Consider the evidence. This week, the president urged his supporters to vote twice. It wasn’t a joke. It was a message delivered in earnest. In a series of Twitter messages that the social media company hid from view for violating its rules on “civic and election integrity”, Trump told his followers to vote early by mail-in ballot and then turn up in person on election day to vote again. Here was the self-styled law-and-order candidate urging Americans to break the law.
He claimed he only wanted people to test the robustness of the system – because if the system worked, then his supporters shouldn’t be allowed to cast that second ballot – but that’s the logic of the bank robber who insists he’s only emptying the safe to help the bank improve its security. Besides, there’s a pattern here.
Little more than a month ago, Trump suggested that, since postal voting – set to increase massively because of the pandemic – was bound to lead to “the most INACCURATE & FRAUDULENT election in history”, it would be best to delay the election, even though the constitution bars him from making such a move. At his convention last month, he urged the crowd, who had been chanting for “four more years” to call instead for “12 more years”, even though that too would violate the constitution. Most troubling, he has repeatedly refused to say whether he will accept defeat and leave office if that’s what the voters decide.
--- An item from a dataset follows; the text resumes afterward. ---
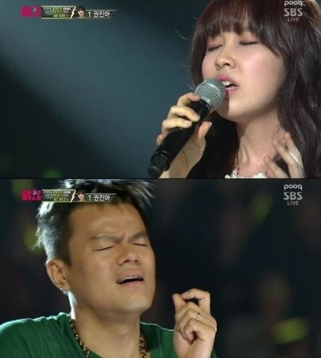 ▲권진아가 박진영 노래를 리메이크해 불렀고 이에 박진영은 극찬했다.(SBS방송캡처)

This is what his now-constant attacks on mail-in voting are about: Trump is preparing the ground to challenge the electorate’s verdict, arguing that the result cannot be trusted because postal votes shouldn’t count. He has seen the data that shows mail-in voters are more likely to lean towards Biden, and so wants to be able to argue, come 4 November, that tens of millions of postal votes should be chucked out – leaving only the votes cast on election day, from which Trump reckons he could achieve a narrow victory.
That’s why he installed a Republican donor as head of the US Postal Service, a man who has set about gutting the service’s ability to process mail-in ballots in time. And that’s why he’s starving the post office of cash. This is not guesswork, or the analysis of hostile commentators. Trump has admitted as much. Explaining why he was seeking to cut off two sources of postal service revenue, he said: “If they don’t get those two items, that means you can’t have universal mail-in voting because they’re not equipped to have it.” With Trump, he always says the quiet part out loud.
Given that the polls suggest he cannot win a straight fight, Trump’s next best scenario is a cloud of confusion and doubt hanging over the November result. Sackfuls of uncounted ballots stuck in postal depots; his base crying fraud, groundlessly suggesting that the mail-in votes are forgeries: this is the context in which he reckons he could argue that the election was disputed and therefore there was no good reason for him to leave office.
And who would stop him? Note that the attorney general, William Barr, supposedly the most senior law enforcement officer in the land, this week refused to say whether voting twice was against the law. Trump’s enablers have come this far. Why would they change course now?
The danger is clear, even before you reflect on the decades-old Republican effort to suppress the vote, especially the Black vote – an effort whose motive Trump brazenly disclosed when he told Fox News that if voting was easier and turnout went up, “you’d never have a Republican elected in this country again”. Not for nothing did Barack Obama, a man not prone to hyperbole, warn last month that Trump is willing to “tear our democracy down if that’s what it takes to win”.
Consider all that Trump has been willing to do already. Imagine what he would do if he received the mandate of re-election. Except there’s no need to imagine it. Trump’s contempt for democracy is in plain sight.